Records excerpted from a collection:

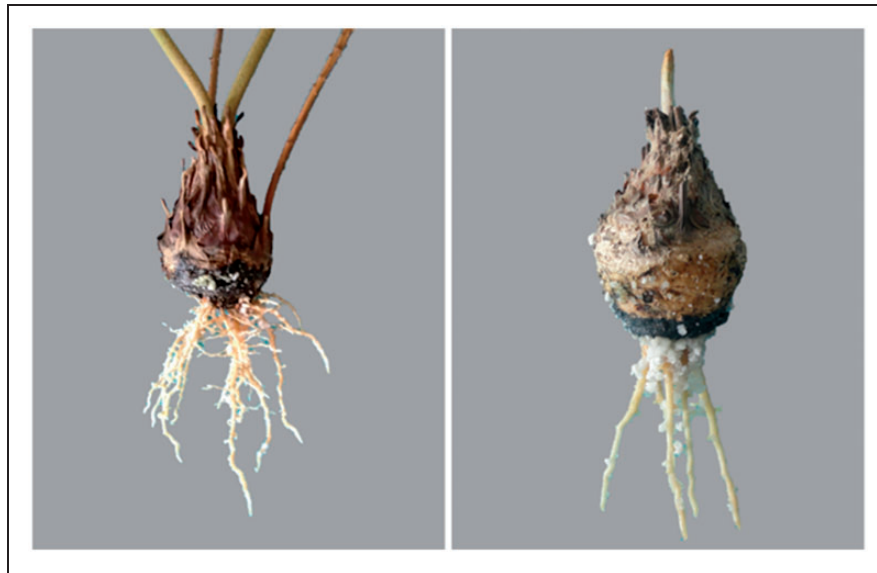
Figure 1. (A) Zamia furfuracea stem cutting displaying healthy adventitious roots 52 days after preparation. Leaf growth occurred prior to root growth (B) Zamia integrifolia stem cutting displaying healthy adventitious roots and simultaneous leaf growth 58 days after preparation.
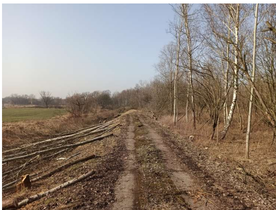
Foto. 10. Construction site after cutting down trees and shrubs – left Vistula embankment on section 1.3 , state in the third decade of March 2021 (view upstream).
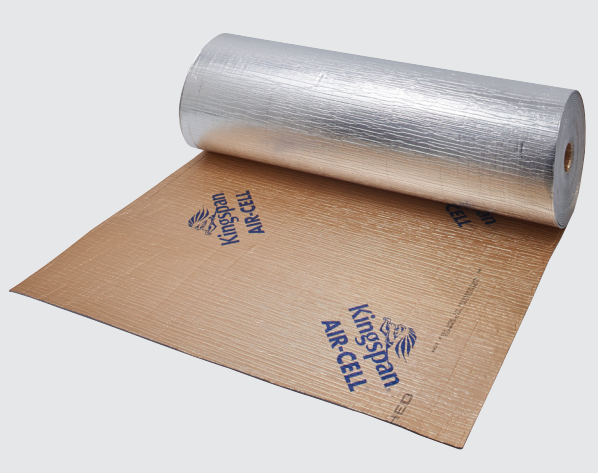
Figure 3. Kingspan AIR-CELL Insulshed® 50. Australian-made Kingspan AIR-CELL Insulshed® 50 is your solution for comfort in your shed, achieving indoor temperatures that are significantly cooler in summer and warmer in winter.

Kingspan AIR-CELL Insulshed® is manufactured with a patented closed-cell foam structure sandwiched by reflective foil surfaces, and is the fibre-free, non-allergenic alternative to conventional bulk insulation.
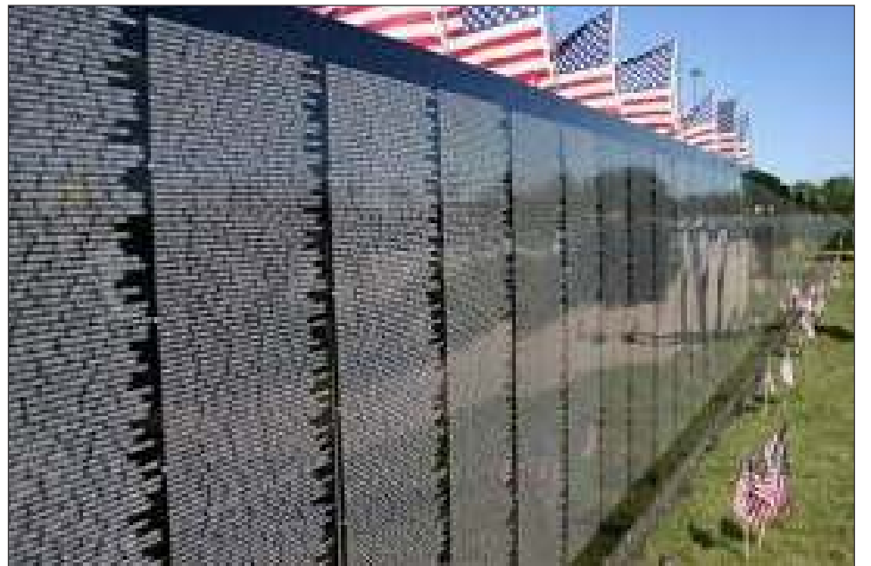
The traveling Wall came to Lady Lake / The Villages. Opened Nov 2 and closed Nov 4th. The Vietnam Traveling Memorial

At the end of the day, my son, his wife and their son came home and there we were the night before Thanksgiving at the Loury Farm and shared memories around the table by having a last minute planned meal for about a dozen family members. That's what I'm thankful for!
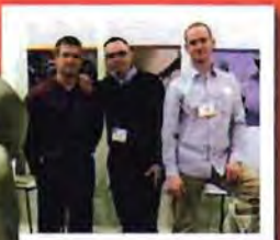
The Chicago Soydairy team and their delicious Dandies.
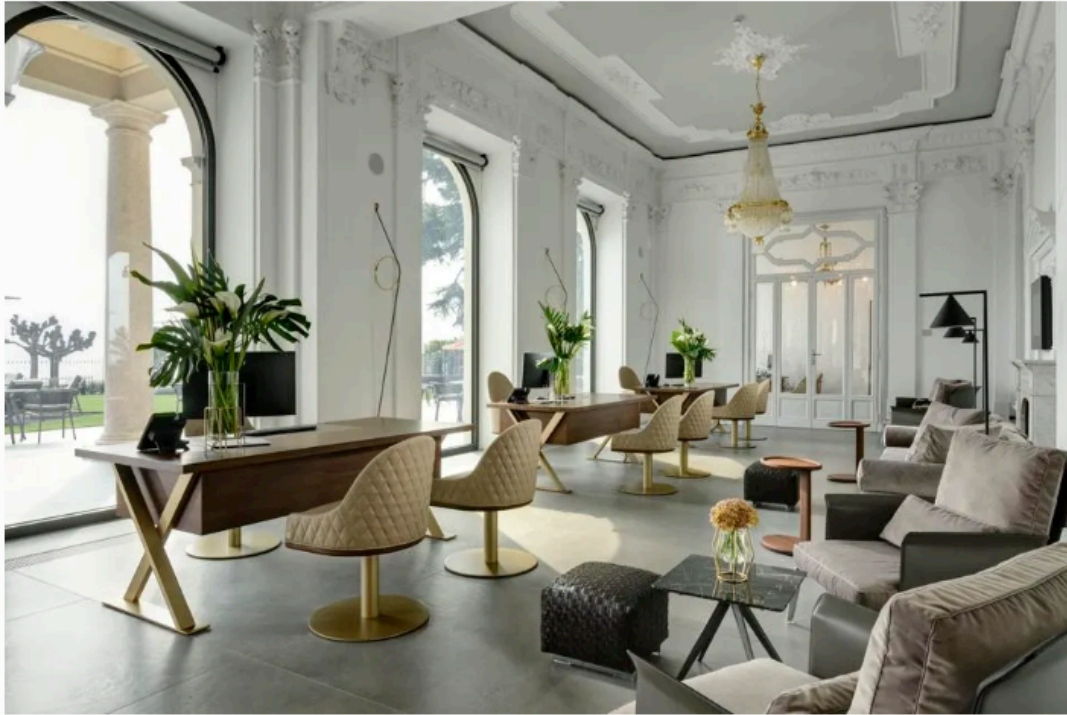
The lobby of the Grand Hotel Victoria, a restored 19th century neoclassical villa. ANDREA GETULI

Upstairs, rooms prioritize rest with bedside-operated black-out curtains, tailor-made pillows and comfortable beds. Staying in a 19 th century neoclassical villa that during the Belle Époque period had European nobility arrive by carriage, it's hard not to feel like royalty here. The restored property exudes all of its historic glamor with soaring ceilings, ornate columns and sparkling chandeliers. While popular Lake Como towns further south are a bustling frenzy of tourists, the Grand Hotel Victoria's location in the quiet town of Menaggio make it a secluded wellness getaway for anyone seeking calm and rejuvenation.
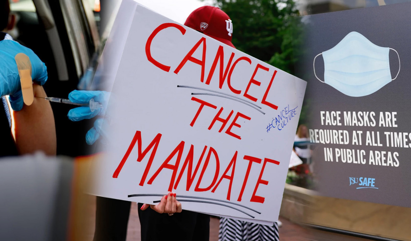
CHRONICLE ILLUSTRATION, PHOTOS FROM GETTY IMAGES AND AP IMAGES
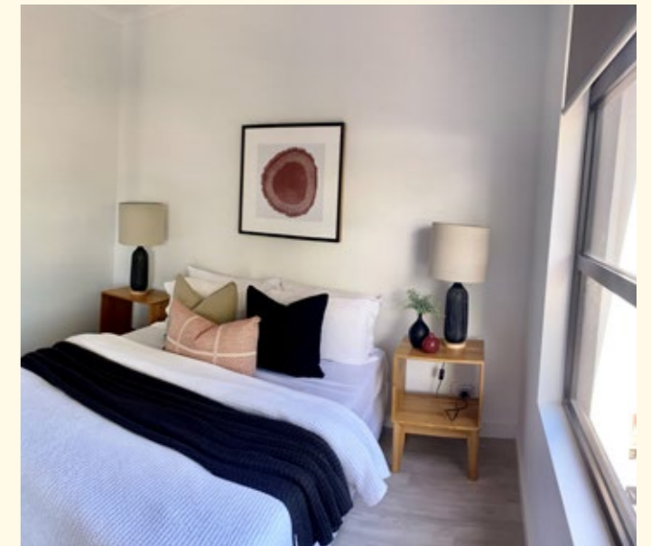
The Melrose Park Apartments
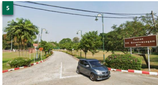
Dr. Seenivasagam Recreation Park
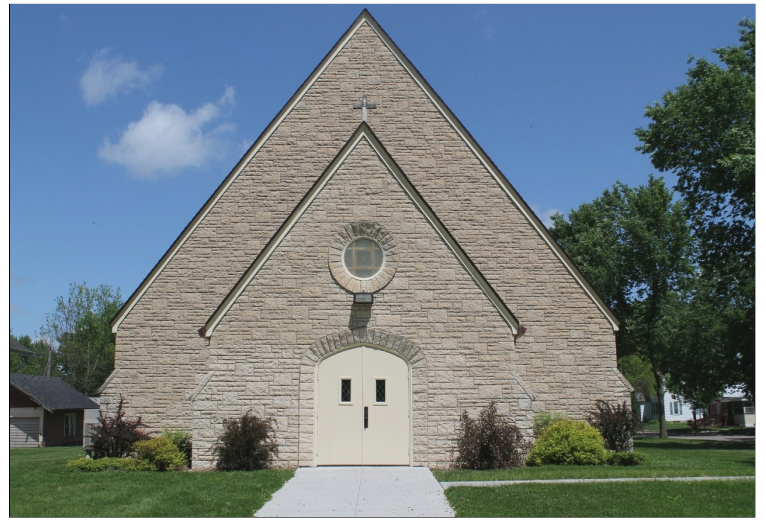
ST. MARY'S, GALESVILLE

I, the Lord, bring low the high tree, lift high the lowly tree, wither up the green tree, and make the withered tree bloom. As I, the Lord, have spoken, so will I do.
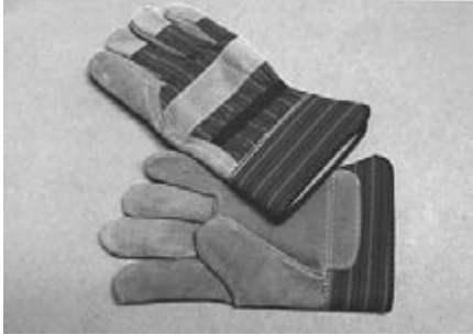
1100E-LEATHER PALM, SAFETY CUFF RUBBERIZED, A GRADE
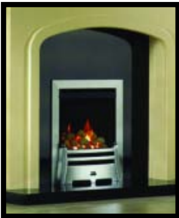
MATCHLESS HEAT MACHINE

High efficiency fires are glass fronted appliances and because of this when the fire is not switched on you do not lose any of the warmth from the room as it is unable to be sucked in to the chimney or flue system. Also with high efficiency fires the glass front remains cleaner for a much greater length of time.
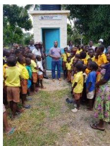
Official opening primary school Sidzeni
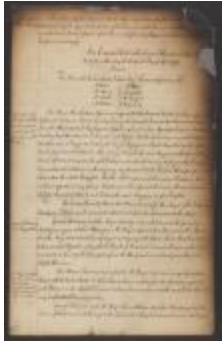
Council minutes, April 13, 1775 (NYS_A1895-78_V026_10)
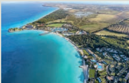
SANI RESORT, GREECE

GIC took a majority stake in Sani/Ikos Group last year, operator of over 2,750 rooms in Greece and Spain valuing the company at €2.3 bn.
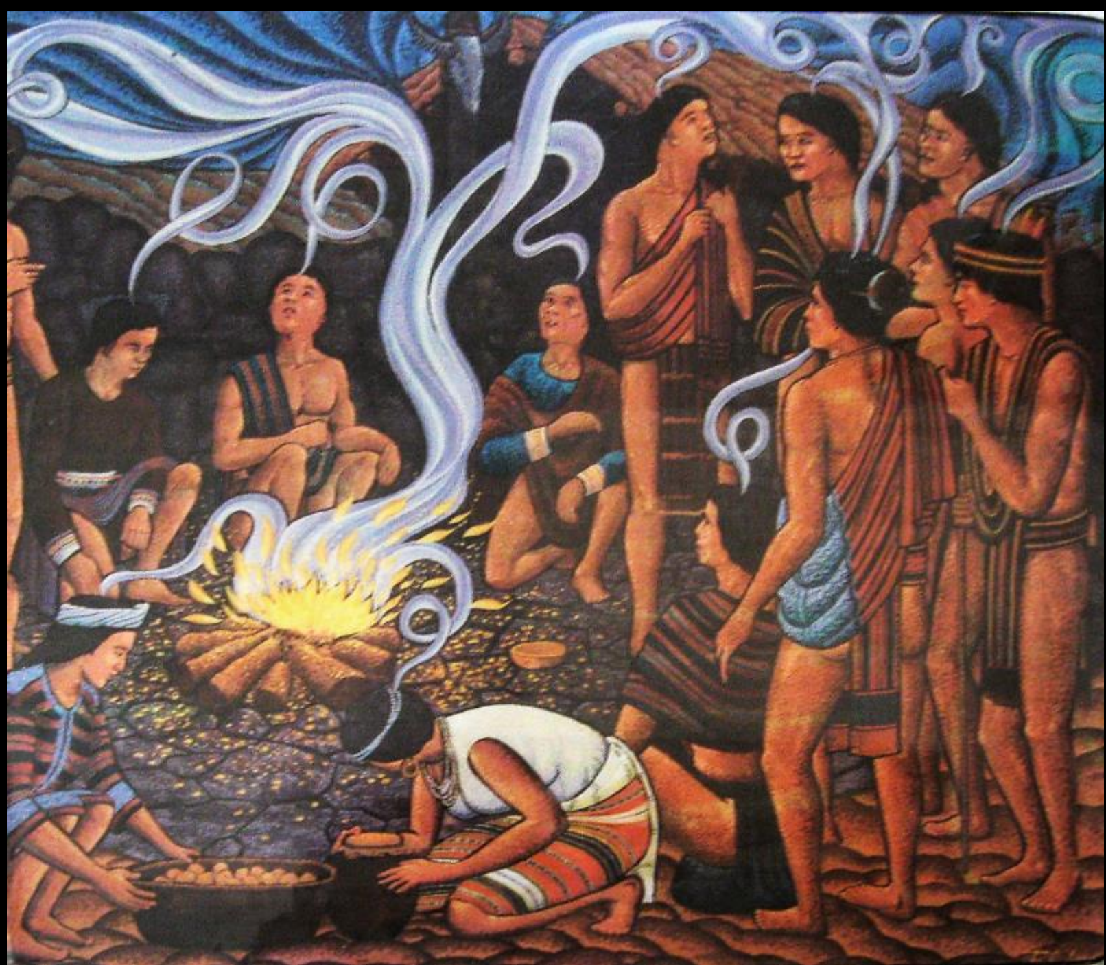
Pentecost Bontoc Museum Bontoc, Philippines
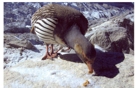
Himalayan snow cock seen on higher slopes

Individual group sizes will be a maximum of 5/6 birders plus 2/3 urban school/college students, plus local village youths and forestry staff. Each group is encouraged to interact with local village elders to generate a list of vernacular names and to document oral folk knowledge.

§ **TASK**: Output the lines above verbatim, images excluded.

§ **EXERCISE RESPONSE**:
Figure 1. (A) Zamia furfuracea stem cutting displaying healthy adventitious roots 52 days after preparation. Leaf growth occurred prior to root growth (B) Zamia integrifolia stem cutting displaying healthy adventitious roots and simultaneous leaf growth 58 days after preparation.
Foto. 10. Construction site after cutting down trees and shrubs – left Vistula embankment on section 1.3 , state in the third decade of March 2021 (view upstream).
Figure 3. Kingspan AIR-CELL Insulshed® 50. Australian-made Kingspan AIR-CELL Insulshed® 50 is your solution for comfort in your shed, achieving indoor temperatures that are significantly cooler in summer and warmer in winter.

Kingspan AIR-CELL Insulshed® is manufactured with a patented closed-cell foam structure sandwiched by reflective foil surfaces, and is the fibre-free, non-allergenic alternative to conventional bulk insulation.
The traveling Wall came to Lady Lake / The Villages. Opened Nov 2 and closed Nov 4th. The Vietnam Traveling Memorial

At the end of the day, my son, his wife and their son came home and there we were the night before Thanksgiving at the Loury Farm and shared memories around the table by having a last minute planned meal for about a dozen family members. That's what I'm thankful for!
The Chicago Soydairy team and their delicious Dandies.
The lobby of the Grand Hotel Victoria, a restored 19th century neoclassical villa. ANDREA GETULI

Upstairs, rooms prioritize rest with bedside-operated black-out curtains, tailor-made pillows and comfortable beds. Staying in a 19 th century neoclassical villa that during the Belle Époque period had European nobility arrive by carriage, it's hard not to feel like royalty here. The restored property exudes all of its historic glamor with soaring ceilings, ornate columns and sparkling chandeliers. While popular Lake Como towns further south are a bustling frenzy of tourists, the Grand Hotel Victoria's location in the quiet town of Menaggio make it a secluded wellness getaway for anyone seeking calm and rejuvenation.
CHRONICLE ILLUSTRATION, PHOTOS FROM GETTY IMAGES AND AP IMAGES
The Melrose Park Apartments
Dr. Seenivasagam Recreation Park
ST. MARY'S, GALESVILLE

I, the Lord, bring low the high tree, lift high the lowly tree, wither up the green tree, and make the withered tree bloom. As I, the Lord, have spoken, so will I do.
1100E-LEATHER PALM, SAFETY CUFF RUBBERIZED, A GRADE
MATCHLESS HEAT MACHINE

High efficiency fires are glass fronted appliances and because of this when the fire is not switched on you do not lose any of the warmth from the room as it is unable to be sucked in to the chimney or flue system. Also with high efficiency fires the glass front remains cleaner for a much greater length of time.
Official opening primary school Sidzeni
Council minutes, April 13, 1775 (NYS_A1895-78_V026_10)
SANI RESORT, GREECE

GIC took a majority stake in Sani/Ikos Group last year, operator of over 2,750 rooms in Greece and Spain valuing the company at €2.3 bn.
Pentecost Bontoc Museum Bontoc, Philippines
Himalayan snow cock seen on higher slopes

Individual group sizes will be a maximum of 5/6 birders plus 2/3 urban school/college students, plus local village youths and forestry staff. Each group is encouraged to interact with local village elders to generate a list of vernacular names and to document oral folk knowledge.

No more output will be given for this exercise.